Smoke from a musket filled his vision making him choke and he dropped to one knee, as a pike reached for his chest. With his left arm he parried it, thrusting upward with the sword and finding it strike bone. A French sailor collapsed in front of him, more blood pouring onto the deck.
Rising to his feet he turned and saw with alarm Captain Saunders on his knees, head slumped forward, a trickle of blood staining his shirt and coat.
‘Ensign Vernon! Where are you?’ he shouted through the smoke. ‘Captain Saunders is wounded. Get him taken below, will you. And I need more of your men up here now, or we will be boarded again.’
The young officer appeared, eyes wide with fear, cheeks smeared with blood and uniform blackened, his eyes wide. ‘Here I am, sir. I’ll look after him.’
Jack looked around as a breeze took the smoke along the length of the ship and saw at least half a dozen of the 29th Regiment’s men heaped together in death. ‘Stand firm, 29th and strike hard,’ Jack shouted. The French had retreated in the face of determined resistance from the infantrymen – and a row of vicious bayonets. Their repulse had come at a price; the detachment’s senior officer would play no further part in the battle.
Looking up at the foretop Jack was relieved to see the grinning face of his sergeant looking down on the scene of death. He grinned in return, in spite of the carnage about him.
‘I was hoping your section would keep them at bay, Sergeant Packer!’ He laughed. ‘You’re not up there to admire the view, you know!’
‘Thought you were doing fine without my `elp, sir.’ Packer called down, ‘Best be quick, sir, they may have enough guts to try again. The Vein Openers are doin’ good, though ain’t they, sir.’ Packer grinned, giving the regiment grudging respect by referring to the nickname by which it became known after the Boston affair some twenty-five years previously.
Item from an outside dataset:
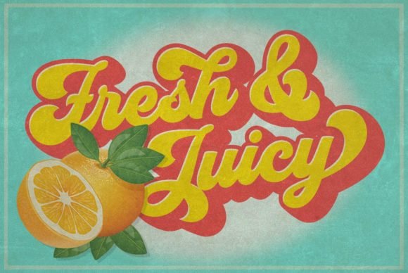 You can successfully use this font for bold logos, retro t-shirts, and impactful posters. It is also a fantastic fit for creative packaging, custom apparel, invitations, or vibrant social media designs that need a nostalgic touch. The main advantage of this vintage script font is its ability to blend classic elegance with modern fun seamlessly. It’s a masterfully designed tool that brings a timeless, groovy soul to any creative idea you have in mind.
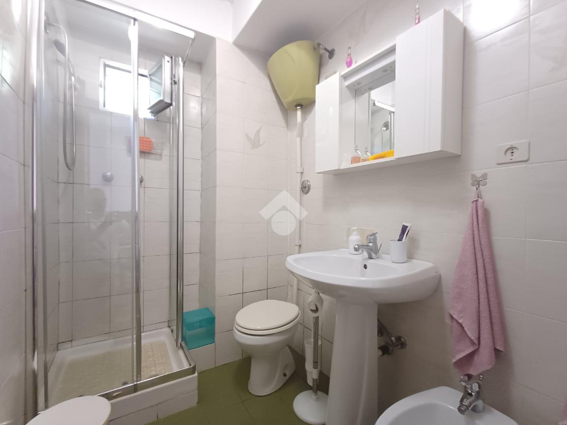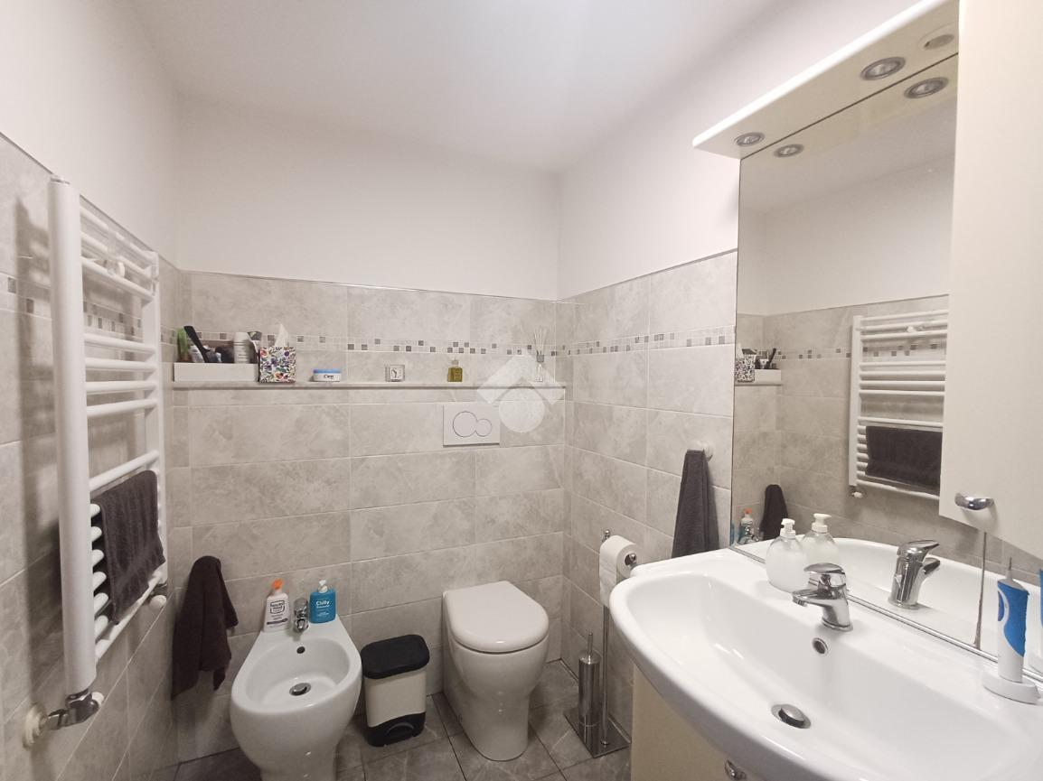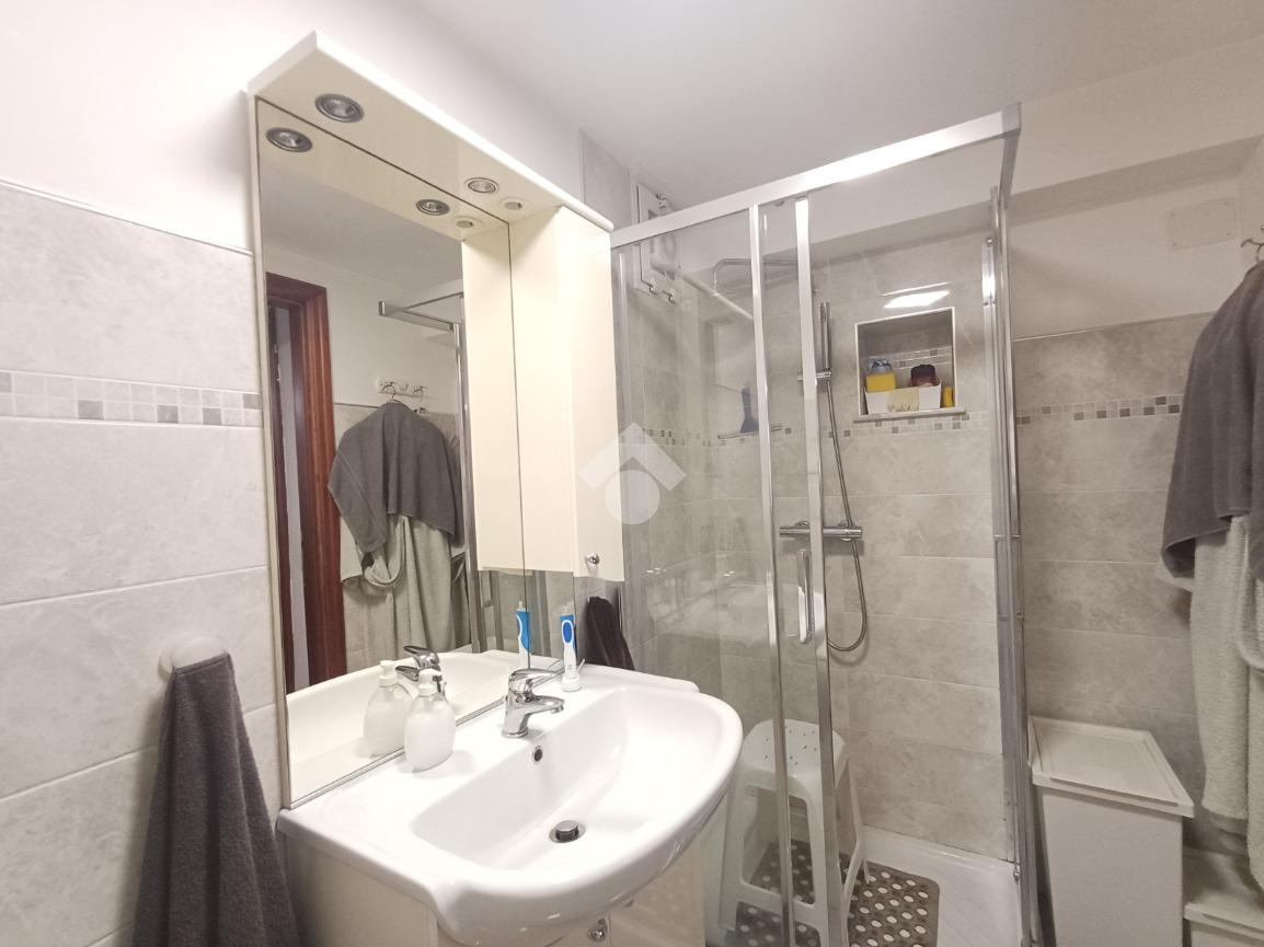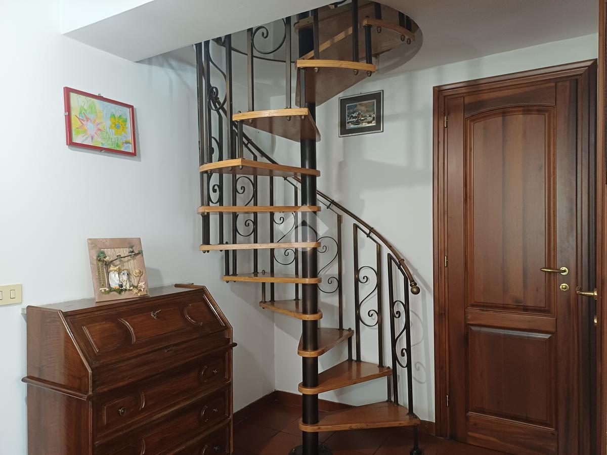 Vicino al soggiorno troviamo il primo bagno, dotato di finestrella e box doccia, una bella scala a chiocciola in legno che conduce al piano superiore ed alla zona notte ed una piccola dispensa.

A sergeant of the 29th in the rear rank, hat missing and a bloody rag around his head, looked up at Packer and raised two fingers in salute.
‘Mister Vizzard, sir,’ said a blackened, dirty sailor, ‘they shot off the Duke’s hat, sir. ‘Tain’t right for His Lordship to face the enemy bare-headed, sir.’ The man grinned, the marines’ humour infecting the sailors around them.
‘Well then man, I suggest you go report to Captain Harvey and tell me what he wishes to do about it.’ Vizzard’s bemused smile sent the sailor scurrying along the shattered deck to report to his captain the news of the figurehead’s damage. ‘I think we have enough to worry about without the loss of Duke’s headgear. You men, get your wounded comrades down to the surgeon. The dead will have to go over the other side,’ he shouted at men immobilised by a mix of fear and exhaustion.
The sergeant reacted and moved forward. ‘You ‘eard wot the officer of marines said. C’mon, lads let’s get to it.’ He stepped forward, bent over, grasping the arm of a wounded man, as a musket barked and shattered his left leg, sending him tumbling to the deck.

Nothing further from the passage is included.